• Task requirements
Your copy of the data should match it exactly, except that the pictures are gone.

• Dataset extract
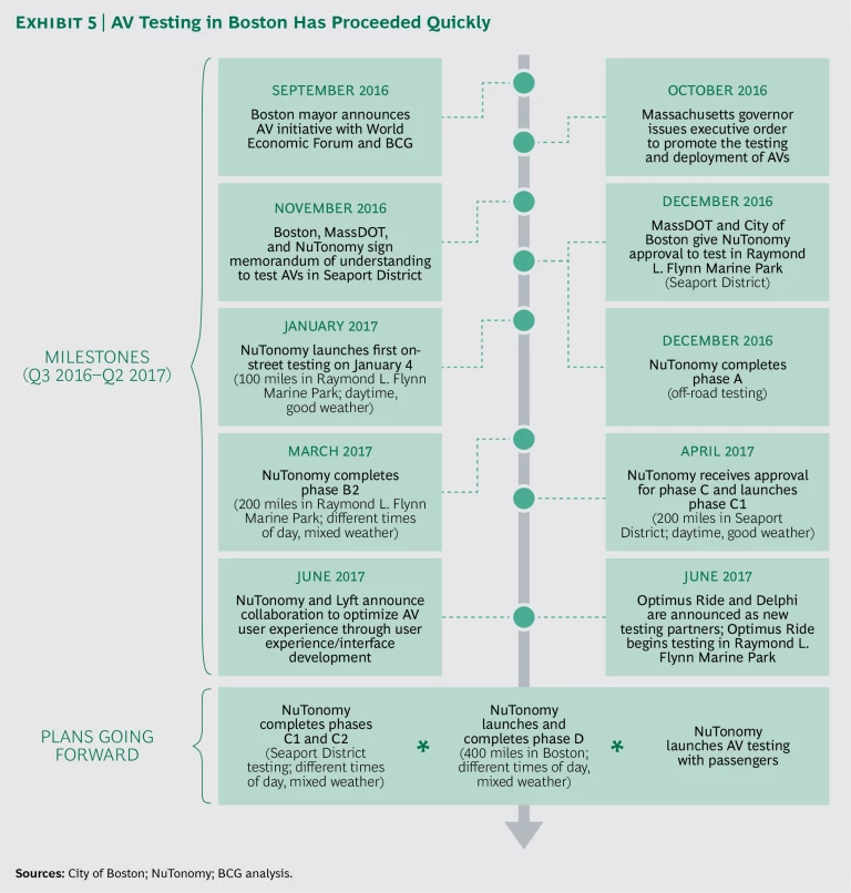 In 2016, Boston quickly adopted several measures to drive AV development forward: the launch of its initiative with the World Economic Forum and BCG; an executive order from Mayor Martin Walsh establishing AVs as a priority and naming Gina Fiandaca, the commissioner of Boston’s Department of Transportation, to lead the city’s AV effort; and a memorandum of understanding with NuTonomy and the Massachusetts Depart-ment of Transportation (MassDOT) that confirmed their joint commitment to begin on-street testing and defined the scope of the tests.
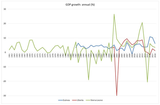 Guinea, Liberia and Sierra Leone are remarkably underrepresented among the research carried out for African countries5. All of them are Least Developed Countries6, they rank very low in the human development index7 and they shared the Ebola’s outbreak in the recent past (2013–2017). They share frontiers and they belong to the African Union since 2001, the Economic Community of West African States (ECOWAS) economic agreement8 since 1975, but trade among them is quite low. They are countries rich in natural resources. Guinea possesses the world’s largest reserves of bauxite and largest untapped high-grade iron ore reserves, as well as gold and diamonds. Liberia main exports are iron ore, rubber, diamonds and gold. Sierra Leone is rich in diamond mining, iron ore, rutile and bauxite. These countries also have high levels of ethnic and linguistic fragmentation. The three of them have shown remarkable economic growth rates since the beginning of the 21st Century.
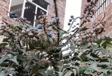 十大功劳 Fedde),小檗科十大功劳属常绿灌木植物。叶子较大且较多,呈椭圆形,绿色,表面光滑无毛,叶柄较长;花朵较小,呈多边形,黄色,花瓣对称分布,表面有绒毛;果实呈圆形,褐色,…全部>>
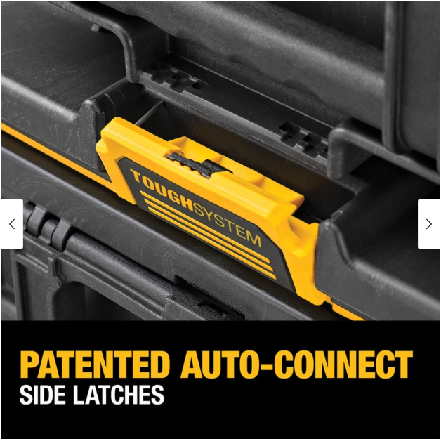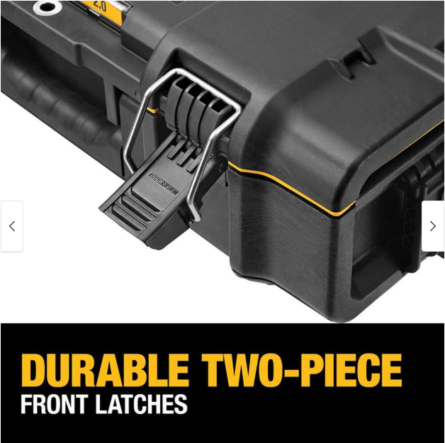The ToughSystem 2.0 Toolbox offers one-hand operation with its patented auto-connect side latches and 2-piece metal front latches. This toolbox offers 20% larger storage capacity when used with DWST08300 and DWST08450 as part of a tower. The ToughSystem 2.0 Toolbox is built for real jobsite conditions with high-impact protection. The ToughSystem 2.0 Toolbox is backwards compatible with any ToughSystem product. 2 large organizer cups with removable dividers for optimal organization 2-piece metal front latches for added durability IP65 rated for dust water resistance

• Task result
 In 2016, Boston quickly adopted several measures to drive AV development forward: the launch of its initiative with the World Economic Forum and BCG; an executive order from Mayor Martin Walsh establishing AVs as a priority and naming Gina Fiandaca, the commissioner of Boston’s Department of Transportation, to lead the city’s AV effort; and a memorandum of understanding with NuTonomy and the Massachusetts Depart-ment of Transportation (MassDOT) that confirmed their joint commitment to begin on-street testing and defined the scope of the tests.
 Guinea, Liberia and Sierra Leone are remarkably underrepresented among the research carried out for African countries5. All of them are Least Developed Countries6, they rank very low in the human development index7 and they shared the Ebola’s outbreak in the recent past (2013–2017). They share frontiers and they belong to the African Union since 2001, the Economic Community of West African States (ECOWAS) economic agreement8 since 1975, but trade among them is quite low. They are countries rich in natural resources. Guinea possesses the world’s largest reserves of bauxite and largest untapped high-grade iron ore reserves, as well as gold and diamonds. Liberia main exports are iron ore, rubber, diamonds and gold. Sierra Leone is rich in diamond mining, iron ore, rutile and bauxite. These countries also have high levels of ethnic and linguistic fragmentation. The three of them have shown remarkable economic growth rates since the beginning of the 21st Century.
 十大功劳 Fedde),小檗科十大功劳属常绿灌木植物。叶子较大且较多,呈椭圆形,绿色,表面光滑无毛,叶柄较长;花朵较小,呈多边形,黄色,花瓣对称分布,表面有绒毛;果实呈圆形,褐色,…全部>>
The ToughSystem 2.0 Toolbox offers one-hand operation with its patented auto-connect side latches and 2-piece metal front latches. This toolbox offers 20% larger storage capacity when used with DWST08300 and DWST08450 as part of a tower. The ToughSystem 2.0 Toolbox is built for real jobsite conditions with high-impact protection. The ToughSystem 2.0 Toolbox is backwards compatible with any ToughSystem product. 2 large organizer cups with removable dividers for optimal organization 2-piece metal front latches for added durability IP65 rated for dust water resistance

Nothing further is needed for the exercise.